Сельский житель живет в узком мире, который он знает близко, но за его пределами находится неисследованный регион, о котором он знает по слухам и боится. Он не подозрителен по своей природе. Среди своих товарищей он часто доверчив до ошибки, и небольшое знакомство с пугающим объектом часто приводит к отвращению к презрению. Бур обладает в особой степени этой характеристикой сельских народов. Он испытывает огромное благоговение перед чужой Силой, пока не знает ее, но стоит ей совершить какую-то слабость, как отсутствие всякой ментальной перспективы меняет преувеличенное благоговение на столь же преувеличенное снисхождение. Эта истина написана ясно по всей истории Англии в Африке. Проигранная битва, политическое отступление, колеблющийся государственный деятель имели моральные последствия неизмеримого значения. Бюргер, который противостоял нам с ужасом и отчаянием, стал при первом же проблеске успеха визгливым петухом, и это отношение, ревностно поощряемое, заслоняло мир для него на всю оставшуюся жизнь. В наших угрозах он видел хвастовство, в нашей доброте он читал слабость, в нашей дипломатии — глупость; и он вышел в конце концов с полной уверенностью, которую три года нищеты едва ли искоренили. Это одна сторона приходского ума; другая — подозрительность, которая стала его отношением ко всему за пределами его маяков. Это не пресловутая «хитрость»; это изящное качество — просто деревенская хитрость, которую он считал фундаментом бизнеса, качество, столь же обычное на австралийских ранчо и шотландских овечьих фермах. Его подозрительность была его собственным особым владением, рожденным из его истории и его расы, и, прежде всего, из его общения с туземными племенами. Он не давал своего доверия легко, ибо кто бы дал, если бы верил, что мир в сговоре против него? Новые идеи, новые лица, новые изобретения — все были занесены в его черный список. Подобно мистеру Бай-эндсу, он находил свои принципы легкими и прибыльными и был полон решимости придерживаться их. Две силы, однако, стремились подорвать его недоверие. Одной была его интенсивная практичность. Если его принципы переставали быть прибыльными, он был готов, против шерсти, рассмотреть поправки. Второй было его грубое удовольствие от новинок, любопытное наслаждение ребенка механической игрушкой. Музыкальная шкатулка, портрет мистера Крюгера, который при заводе издавал Фолькслид, или последняя разновидность дробилки меали были аттракционами, которым он не имел сил сопротивляться.

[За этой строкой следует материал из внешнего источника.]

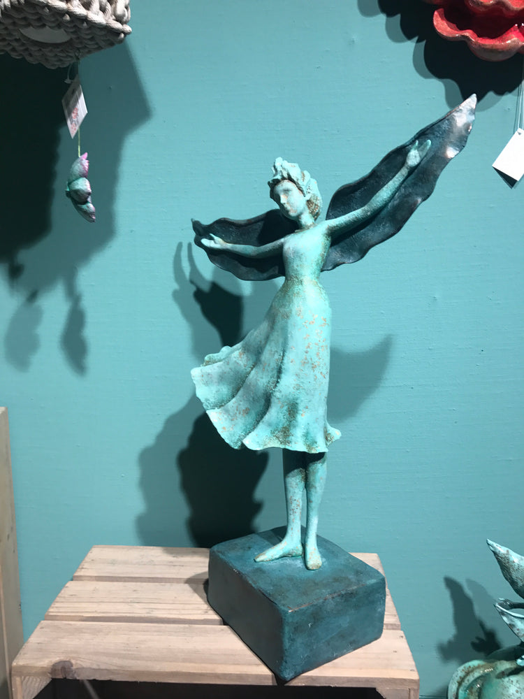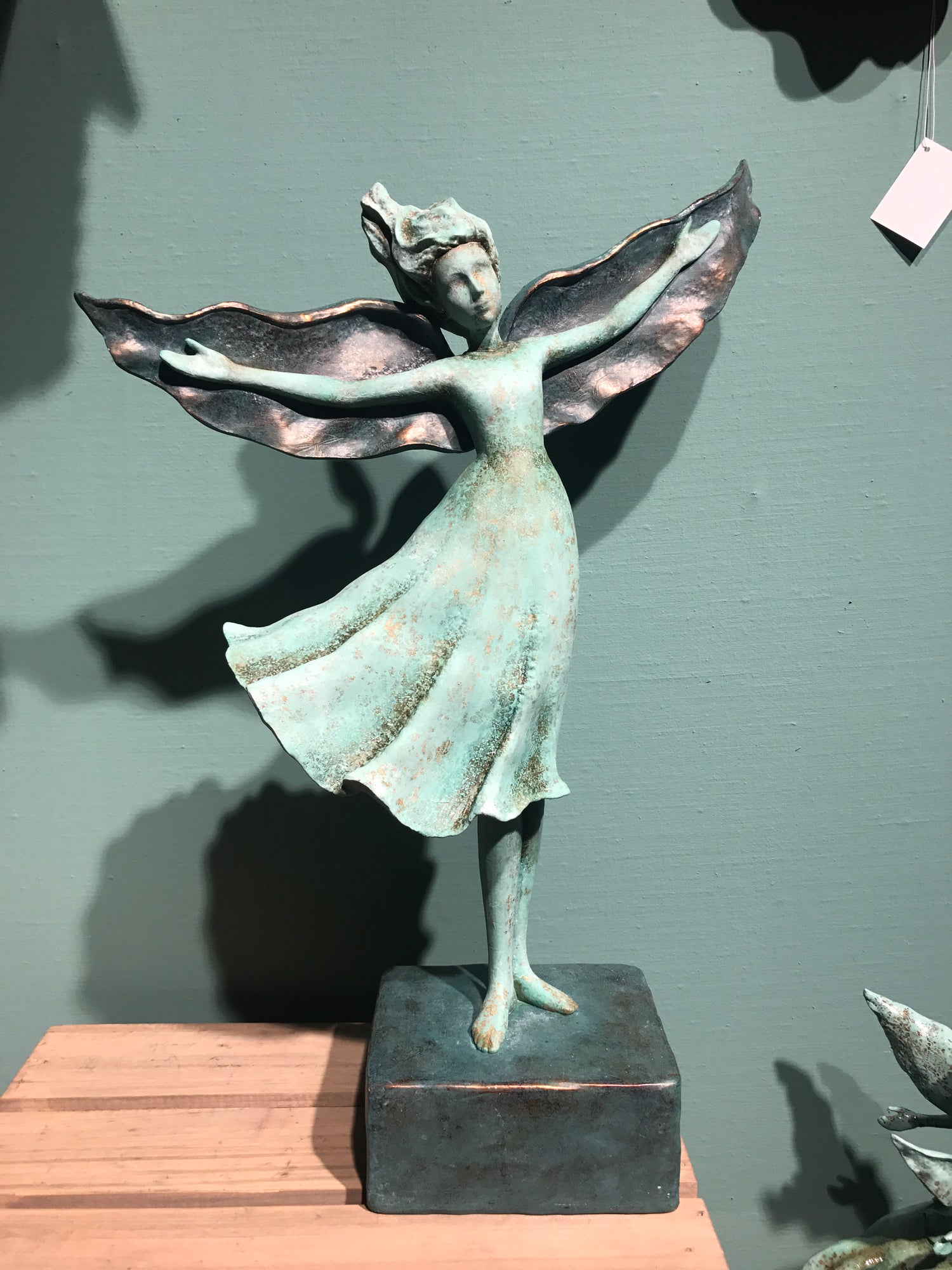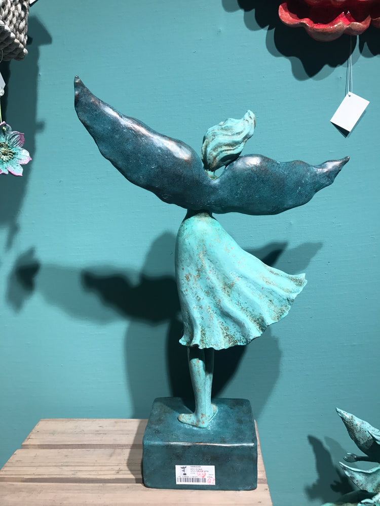 RESIN ANGEL WITH BASE, BRONZE, 32*15.3*49.4CM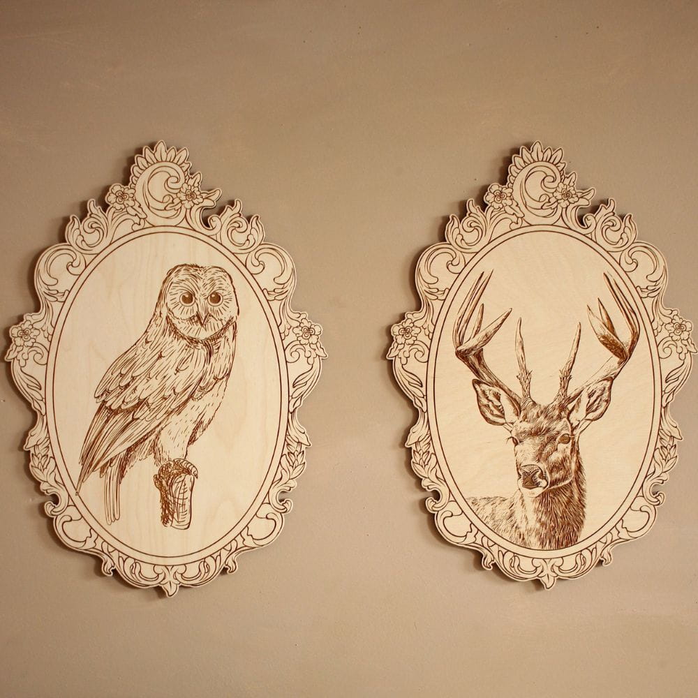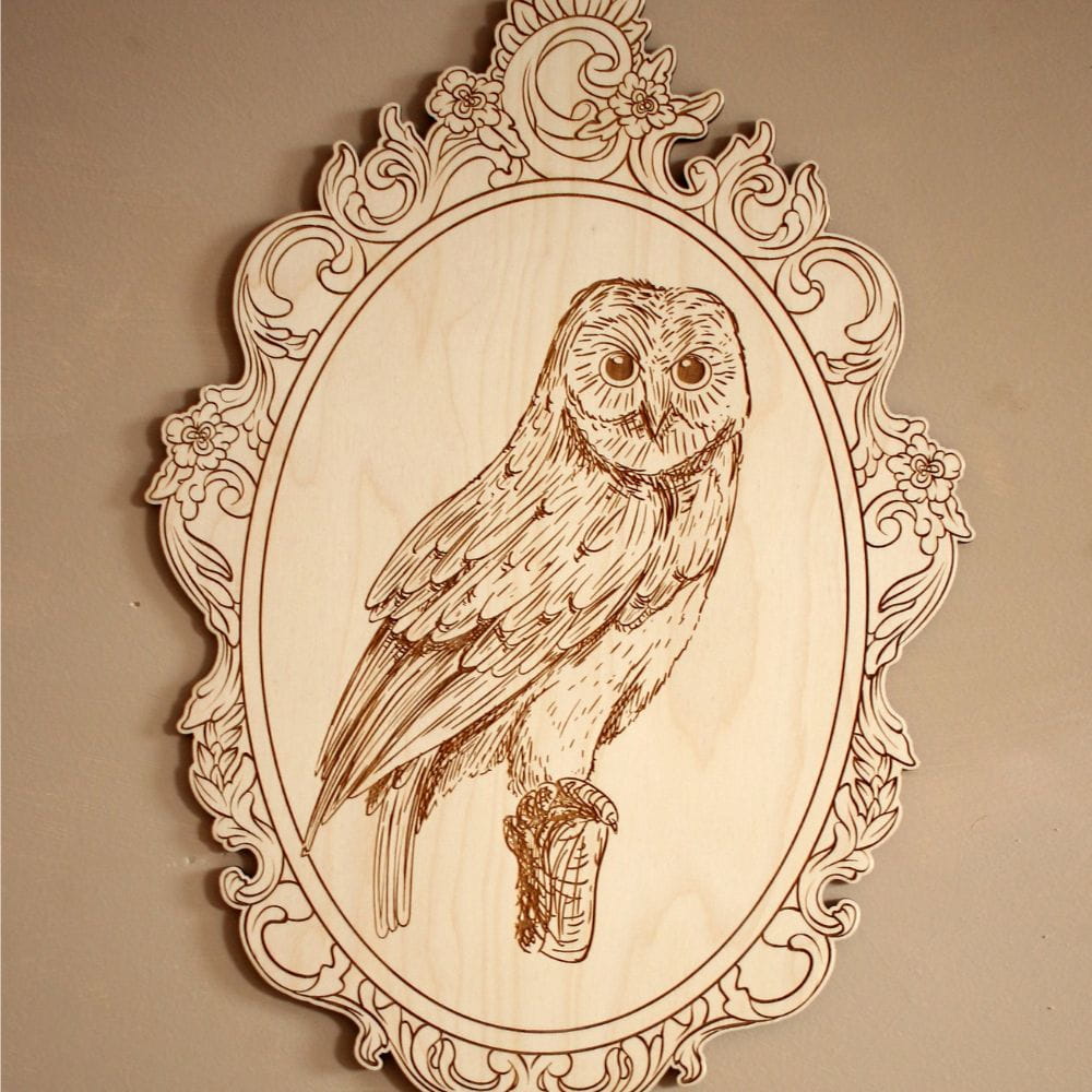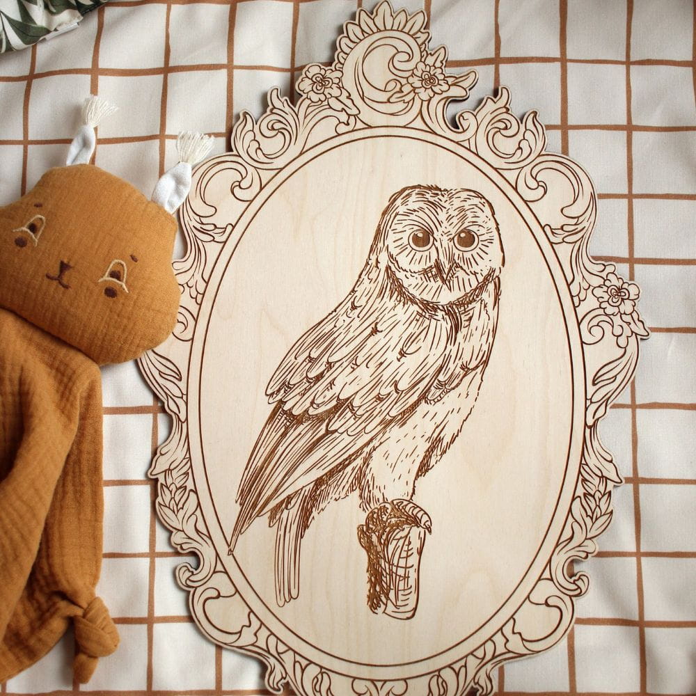 Imagine a room adorned with a delicate yet graceful motif. Check out this lovely picture featuring an engraved owl in a retro frame. This decoration perfectly blends vintage style with the charm of nature, making it a wonderful addition to woodland-themed nurseries.

В корне всех его черт лежит скудное воображение. В религии он превращает грандиозные сказки Писания в приходскую хронику, с Богом как доброжелательным бургомистром и Моисеем и пророками как прославленными ландростами. В политике ни один бур со времен президента Бургерса не видел вещей с широким видением, и его риторические мечты были глупостью для его соотечественников. Идея великого африкандерского государства, очень энергично поддерживаемая в других местах Южной Африки, имела мало влияния на обычное население Республик, за исключением сыновей английских отцов или матерей, полуобразованных журналистов и европейских чиновников. В войнах, которые он вел, он видел мало мрачного великолепия, которое покрывает ужасы смерти. Пышность вельда была ничем для него, и в удобствах жизни он едва ли продвинулся дальше голого физического комфорта. У него не было ни искусства, ни литературы. Если мы исключим восхитительные стихи мистера Рейтца, которые в своих лучших проявлениях являются переводами Бернса и Скотта, у него не было даже песен, которые обычно встречаются среди сельских народов. Его детские сказки и его немногие суеверия были заимствованы у кафров. Только с одной стороны мы замечаем какой-либо след творческой силы. Как-то в глубине его души была любовь к диким местам и открытой дороге — зов, который после лет оседлой жизни все еще имел силу волновать кровь старого охотника. Он не был хорош в живописных прогнозах, но у него был один ретроспективный взгляд, запечатленный в его мозгу, и этот голод по старым дням был искрой огня, которая согревала уголок его существа.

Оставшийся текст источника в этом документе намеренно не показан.